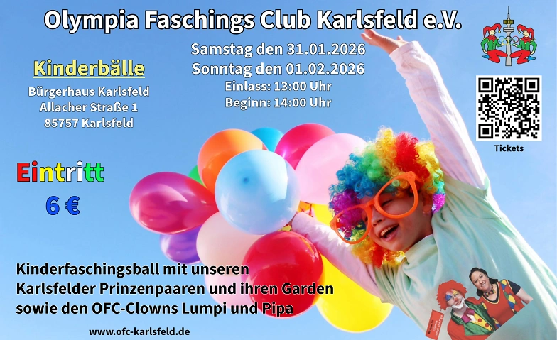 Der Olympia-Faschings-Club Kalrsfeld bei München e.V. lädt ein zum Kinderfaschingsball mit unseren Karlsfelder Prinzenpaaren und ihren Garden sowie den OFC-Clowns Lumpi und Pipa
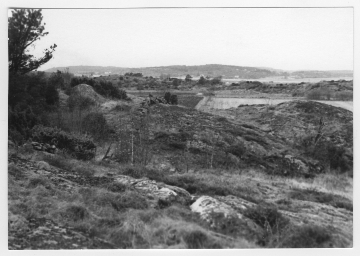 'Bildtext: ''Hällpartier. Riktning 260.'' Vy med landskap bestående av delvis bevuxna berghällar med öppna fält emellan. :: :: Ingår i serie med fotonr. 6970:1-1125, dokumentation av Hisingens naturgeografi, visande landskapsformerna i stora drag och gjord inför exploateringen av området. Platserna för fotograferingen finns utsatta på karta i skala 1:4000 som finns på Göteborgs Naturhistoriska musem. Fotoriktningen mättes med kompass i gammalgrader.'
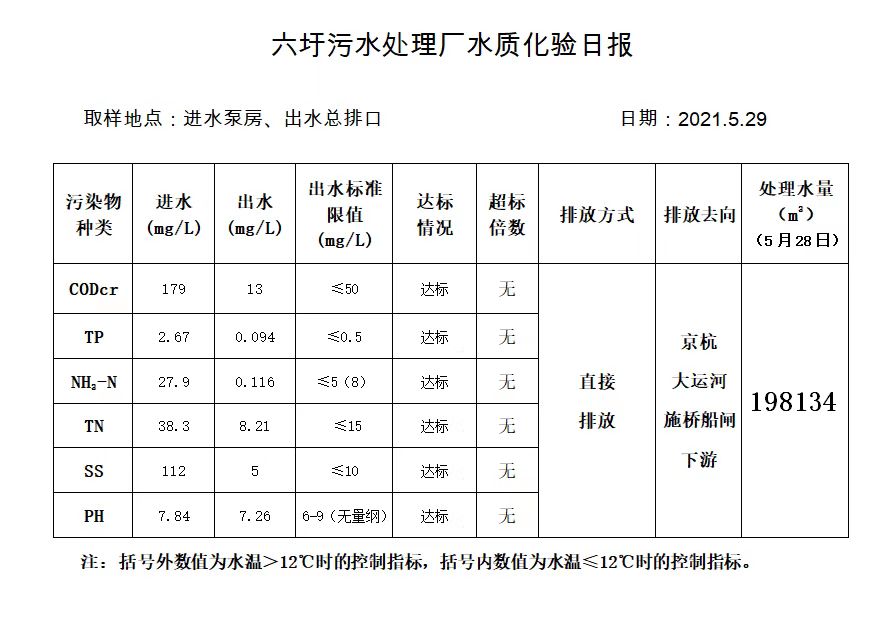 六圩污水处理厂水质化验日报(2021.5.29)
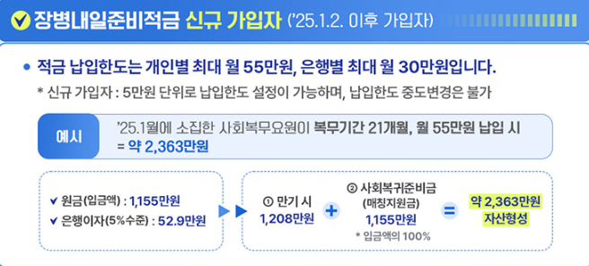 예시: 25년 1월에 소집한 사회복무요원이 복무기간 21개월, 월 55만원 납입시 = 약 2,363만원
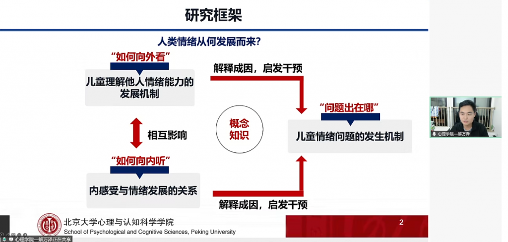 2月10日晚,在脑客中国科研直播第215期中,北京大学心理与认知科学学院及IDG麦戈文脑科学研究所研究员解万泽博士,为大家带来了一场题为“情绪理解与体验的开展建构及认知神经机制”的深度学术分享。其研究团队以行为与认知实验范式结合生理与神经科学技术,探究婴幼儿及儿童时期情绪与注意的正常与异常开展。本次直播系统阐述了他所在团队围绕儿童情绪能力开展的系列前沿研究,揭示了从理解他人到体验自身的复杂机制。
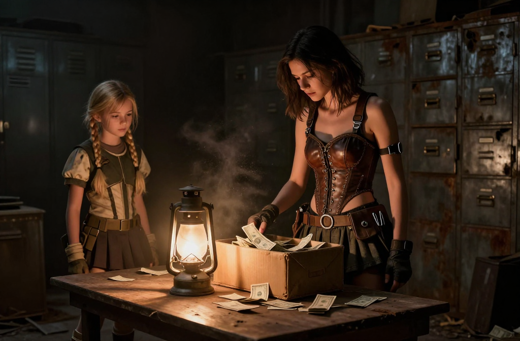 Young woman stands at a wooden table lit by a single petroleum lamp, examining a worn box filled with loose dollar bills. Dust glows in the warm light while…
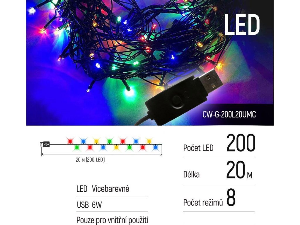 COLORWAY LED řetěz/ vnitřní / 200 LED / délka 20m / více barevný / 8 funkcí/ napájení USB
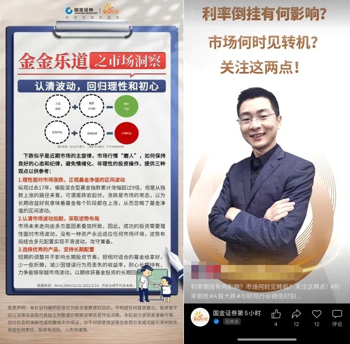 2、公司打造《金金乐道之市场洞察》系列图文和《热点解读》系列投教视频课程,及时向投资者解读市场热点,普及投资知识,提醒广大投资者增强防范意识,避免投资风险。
...
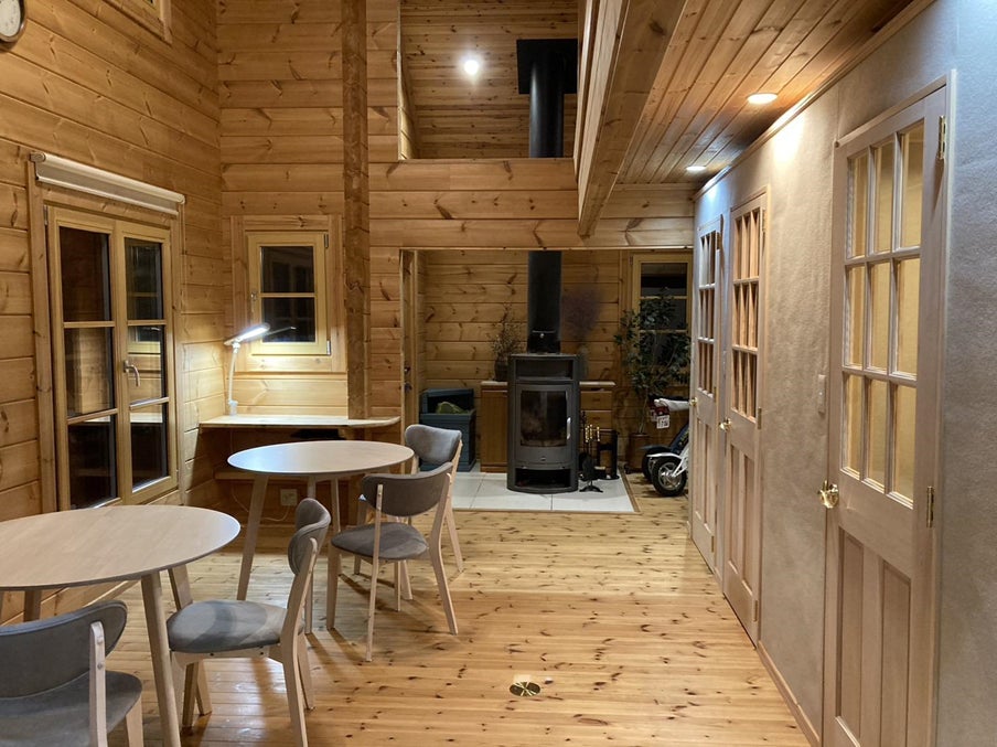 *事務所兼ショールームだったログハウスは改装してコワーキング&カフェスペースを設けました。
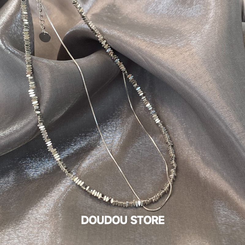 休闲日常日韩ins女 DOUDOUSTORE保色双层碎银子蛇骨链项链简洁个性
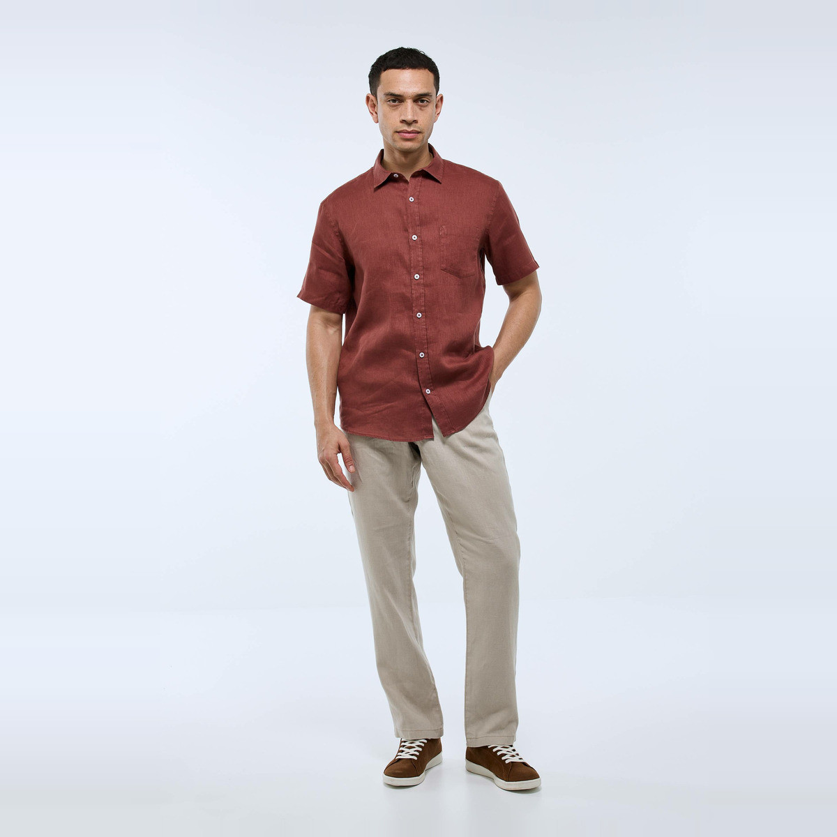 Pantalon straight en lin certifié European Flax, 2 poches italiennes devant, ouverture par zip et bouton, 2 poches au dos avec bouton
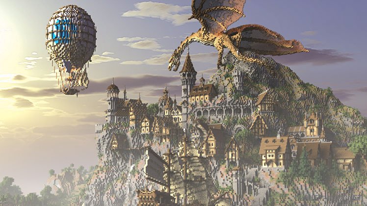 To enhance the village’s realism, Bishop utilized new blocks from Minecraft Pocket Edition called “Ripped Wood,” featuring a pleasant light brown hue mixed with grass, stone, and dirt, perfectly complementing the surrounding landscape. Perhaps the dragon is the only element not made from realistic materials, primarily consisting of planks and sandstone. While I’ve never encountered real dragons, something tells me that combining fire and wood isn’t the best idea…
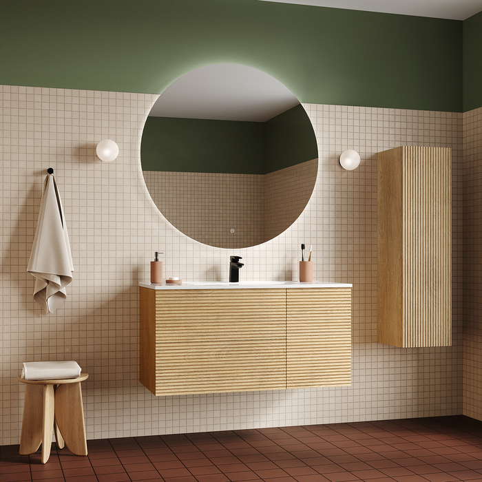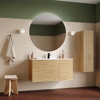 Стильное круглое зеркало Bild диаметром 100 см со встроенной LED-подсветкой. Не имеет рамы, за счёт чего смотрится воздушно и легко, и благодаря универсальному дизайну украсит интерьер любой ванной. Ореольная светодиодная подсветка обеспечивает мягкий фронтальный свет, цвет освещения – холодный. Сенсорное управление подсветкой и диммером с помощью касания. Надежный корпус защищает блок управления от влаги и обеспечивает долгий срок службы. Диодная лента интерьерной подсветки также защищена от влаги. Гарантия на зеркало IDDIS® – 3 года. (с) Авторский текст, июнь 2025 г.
==
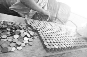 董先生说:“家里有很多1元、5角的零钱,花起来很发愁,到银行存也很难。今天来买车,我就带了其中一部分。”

Work to be completed:
Leaving pictures out, output the lines of the data above from the one with "COLORWAY LED řetěz/" through the one with "2、公司打造《金金乐道之市场", word for word.

Expected output:
 COLORWAY LED řetěz/ vnitřní / 200 LED / délka 20m / více barevný / 8 funkcí/ napájení USB
 2、公司打造《金金乐道之市场洞察》系列图文和《热点解读》系列投教视频课程,及时向投资者解读市场热点,普及投资知识,提醒广大投资者增强防范意识,避免投资风险。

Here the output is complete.